I serve on the board of our local water utility and participated in a discussion of a controlled burn by the county. Here, such burns occurs during the dead of winter, when there is snow on the ground. I like that type of cautious planning regarding purposely starting a fire.
Blick


elagache

  • Global Moderator
  • Storm
  • *****
  • Posts: 5278
    • DW3835
    • KCAORIND10
    • Canebas Weather
  • Station Details: Davis Vantage Pro-2, Mac mini (2018), macOS 10.14.3, WeatherCat 3
Yes, we were nervous . . . (Re: Welcome to summer 2019!)
« Reply #9 on: Yesterday at 10:54:39 PM »
Welcome back Blick!  :)

I serve on the board of our local water utility and participated in a discussion of a controlled burn by the county. Here, such burns occurs during the dead of winter, when there is snow on the ground. I like that type of cautious planning regarding purposely starting a fire.

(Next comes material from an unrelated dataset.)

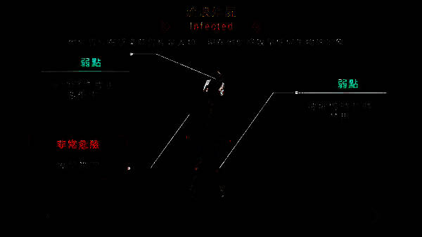 手枪:伤害高,但射击速度慢,无法连续射杀僵尸。不过换弹速度比冲锋枪快。适合射击远程单个僵尸,瞄准僵尸头部或上半身伤害更高。
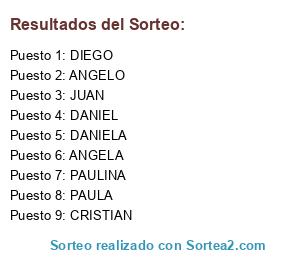 Lista de participantes: ANGELA, ANGELO, CRISTIAN, DANIEL, DANIELA, DIEGO, JUAN, PAULA, PAULINA.

Yes, the locals around here were just as surprised as you are at a controlled burn in the middle of the wildfire season.  I think the explanation is one of those "only in California" scenarios.  It was a very small region that was burned, but it was  near the top of a ridge were some very expensive homes are located.  Whatever the excuse, I think our local fire district decided to create a buffer between anything flammable and those expensive homes.  Should a grass fire start on that hill, the houses should be protected by the region now burnt.

Like so many things in California, behavior is frequently driven by the desire not to be the victim of litigation!